__YOUR GOAL__:
Only one stretch of the data should be retyped: the lines from the line containing "若月 研ひとさんの外格は13画の5点!" through the line containing "Dockers Men’s Faux". Keep pictures out of it.

__MATERIAL PROVIDED__:
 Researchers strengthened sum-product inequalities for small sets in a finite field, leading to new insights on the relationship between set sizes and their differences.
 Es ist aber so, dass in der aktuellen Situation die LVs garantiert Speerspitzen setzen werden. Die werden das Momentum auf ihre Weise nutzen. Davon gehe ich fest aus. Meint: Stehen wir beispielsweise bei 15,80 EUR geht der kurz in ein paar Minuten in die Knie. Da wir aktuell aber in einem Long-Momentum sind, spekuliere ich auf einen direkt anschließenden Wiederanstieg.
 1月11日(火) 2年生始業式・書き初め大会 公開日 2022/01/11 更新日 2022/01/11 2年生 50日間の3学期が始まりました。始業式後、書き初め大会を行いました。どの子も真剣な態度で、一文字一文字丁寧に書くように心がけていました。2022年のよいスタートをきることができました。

---

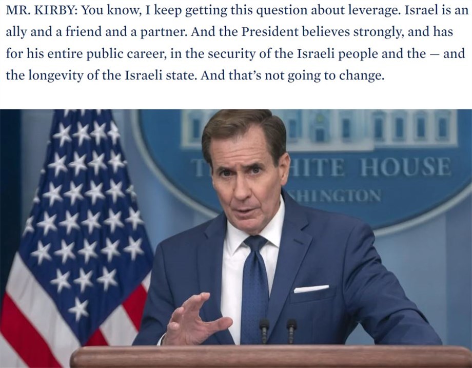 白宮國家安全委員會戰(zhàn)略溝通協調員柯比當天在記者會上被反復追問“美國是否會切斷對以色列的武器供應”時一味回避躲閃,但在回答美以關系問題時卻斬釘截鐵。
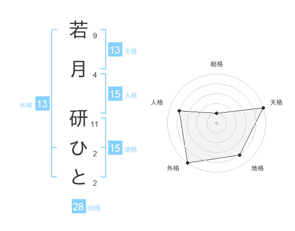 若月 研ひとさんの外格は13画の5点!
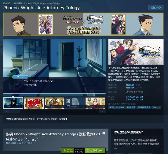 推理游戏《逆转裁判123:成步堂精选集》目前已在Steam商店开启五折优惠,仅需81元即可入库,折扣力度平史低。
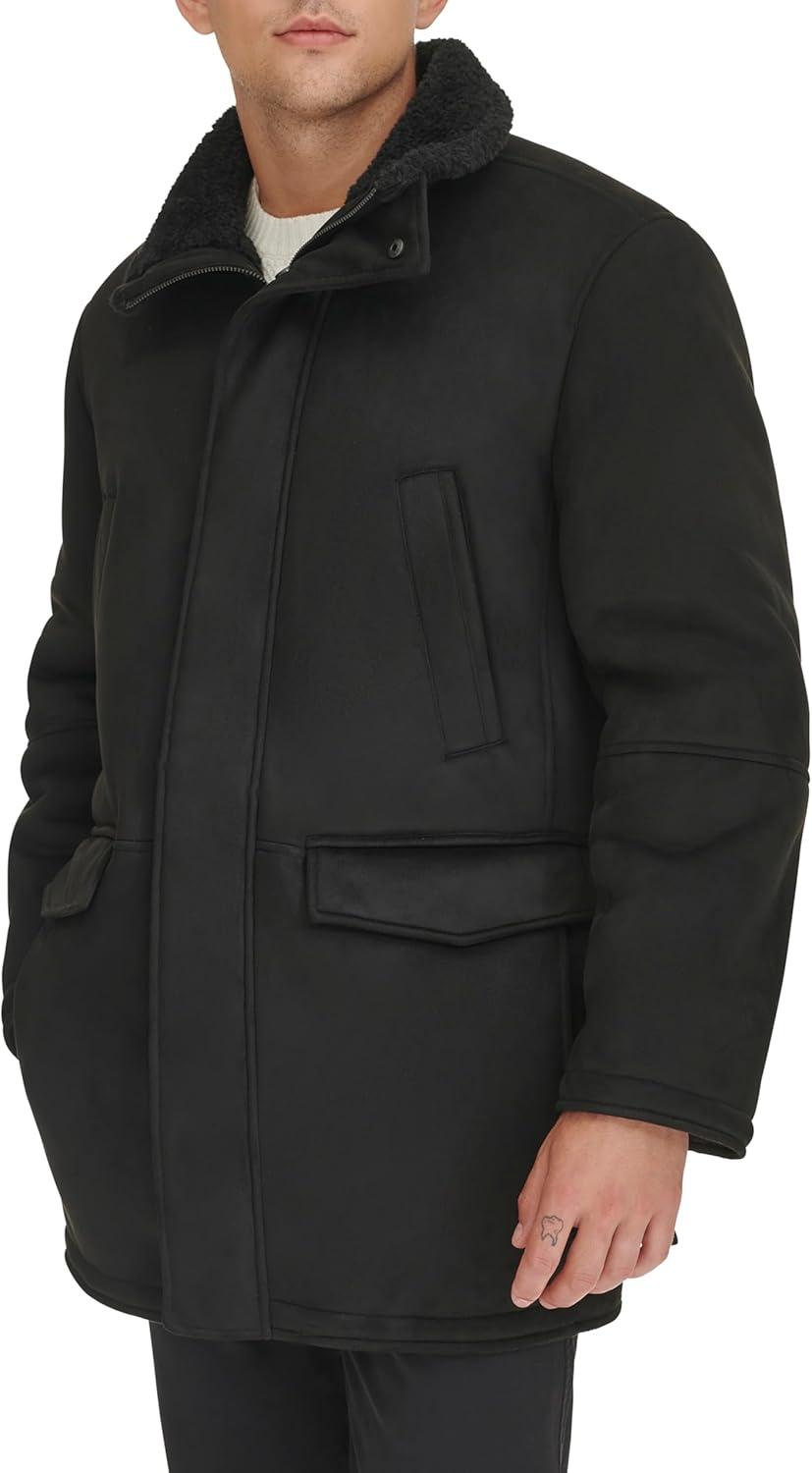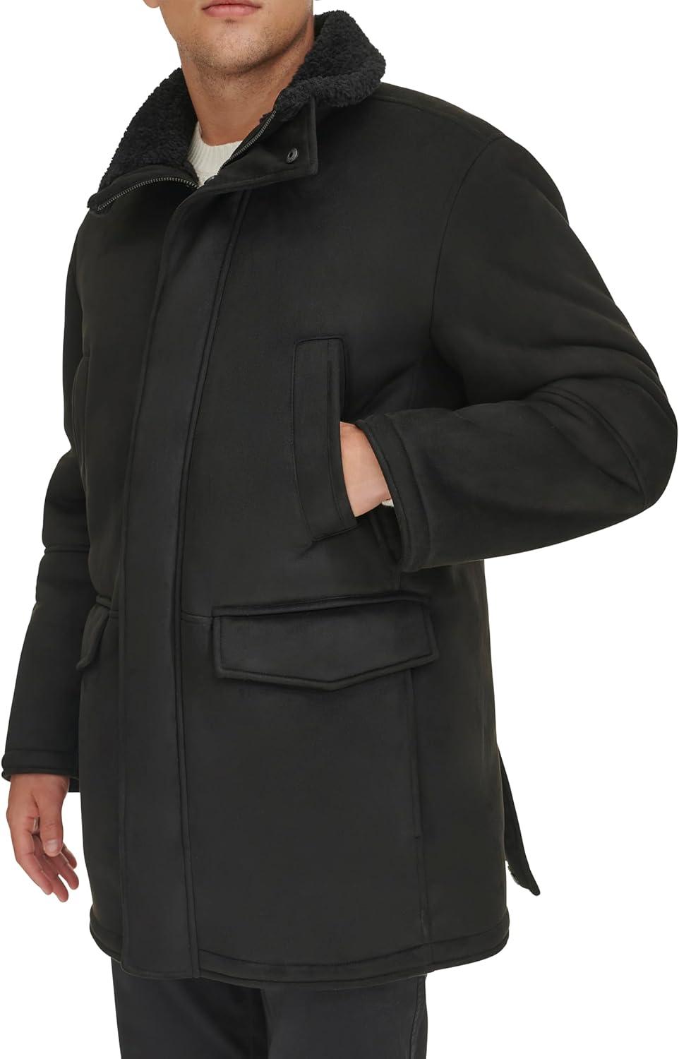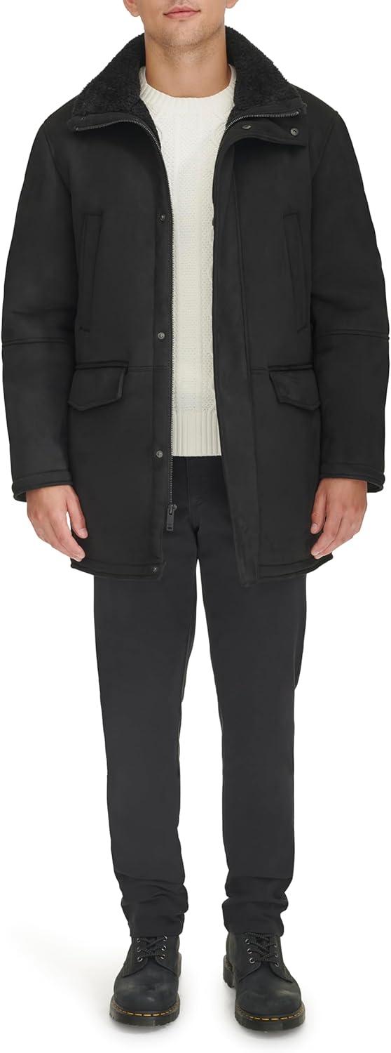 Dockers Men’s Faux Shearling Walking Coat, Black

__OUTPUT OF THE TASK__:
 若月 研ひとさんの外格は13画の5点!
 推理游戏《逆转裁判123:成步堂精选集》目前已在Steam商店开启五折优惠,仅需81元即可入库,折扣力度平史低。
 Dockers Men’s Faux Shearling Walking Coat, Black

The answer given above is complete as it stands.